Session Title: RA – Treatments Poster I: Novel Treatments

Session Type: Poster Session (Sunday)

Session Time: 9:00AM-11:00AM

Background/Purpose: Across all phase 3 studies, treatment with upadacitinib (UPA), a JAK1-selective inhibitor, was associated with significantly higher remission (REM) rates, compared to placebo (PBO) or active comparators in  RA patients (pts) who were methotrexate (MTX)-naive,  had inadequate response to conventional synthetic (csDMARD-IR)  or had inadequate response or intolerance to biologic DMARDs (bDMARD-IR). 

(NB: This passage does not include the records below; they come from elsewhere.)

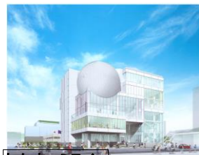
たかまつミライエ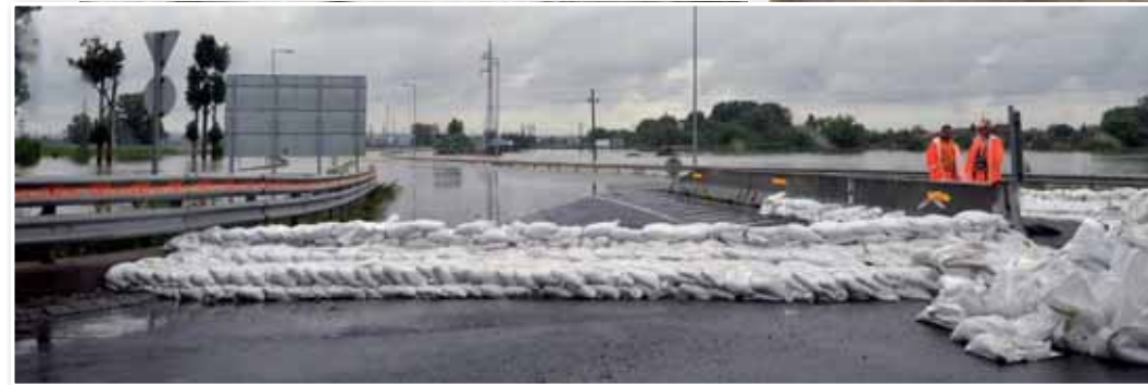
Az áradó folyók a közutakat is elöntötték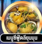
เมนูซีฟู้ดลิ้นจี่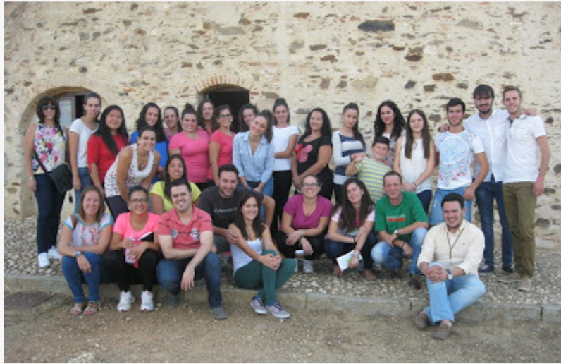
Foto: Grupo de jóvenes participantes en la convivencia

A lo largo de este fin de semana, el grupo joven de la Hermandad de San Benito Abad, ha realizado una convivencia, en la ermita del patrón, con el fin de crecer como grupo humano y cristiano.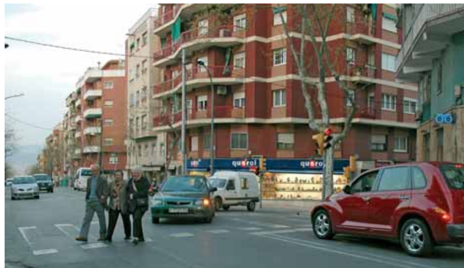
Cruïlla de l'avinguda Mare de Déu de Montserrat amb el carrer la Bisbal.

L'Ajuntament de Barcelona està enllestit el projecte de remodelació de l'avinguda Mare de Déu de Montserrat, una de les principals artèries del Guinardó, que ha quedat massa estreta perquè suporta el trànsit en dos sentits de circulació. Un cop enllestides les obres, els vehicles privats només hi podran circular en sentit ascendent en direcció Llobregat, mentre que els autobusos podran circular-hi en totes dues direccions. A més hi haurà un carril d'aparcament, i els serveis i les voreres seran més amples. El tram entre la plaça de la Font Castellana i el carrer Cartagena seguirà tenint dues direccions per facilitar la mobilitat als carrers de l'entorn.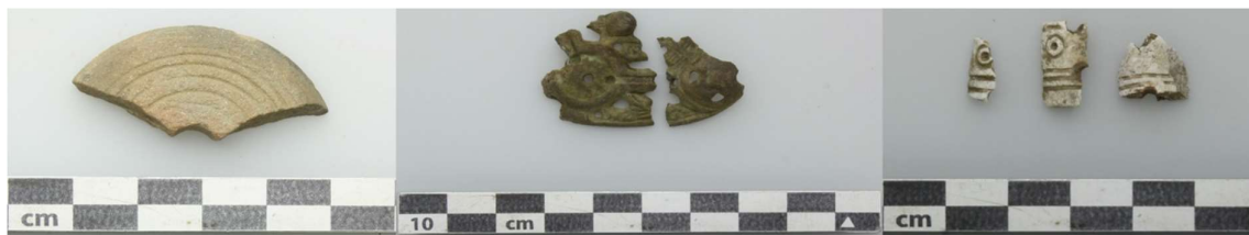
Figur 3: Eksempler på tre typer destruerede genstande fra sekundære offerlag i grave fra Svinninge. Til venstre ses en tenvægt i sandsten (x144) fra A114. I midten ses to fragmenter af en fibel af bronze (x735) fra A123. Til højre ses fragmenter af en ornamenteret benkam (x736) fra A123.

Når man tolker genstande og deres betydning, produktions- og brugstid, ses der ofte på tingenes tilblivelse og biografi (f.eks. Schiffer & Skibo 1997: 35-39). For­skel­lige genstandstyper og materialer får ofte tildelt en særlig værdi eller funktion ud fra for­skel­lige faktorer som f.eks. form, sjældenhed, råma­te­rialet m.m. Et hvert

REM definitions are based on composite scores of various individual assessments of disease activity. To determine the response to UPA on REM and component assessments, we assessed the proportions of pts achieving REM using multiple REM definitions, and the improvement in their respective individual components, compared to PBO or active comparators, in 3 different RA pt populations spanning a range of RA pt populations.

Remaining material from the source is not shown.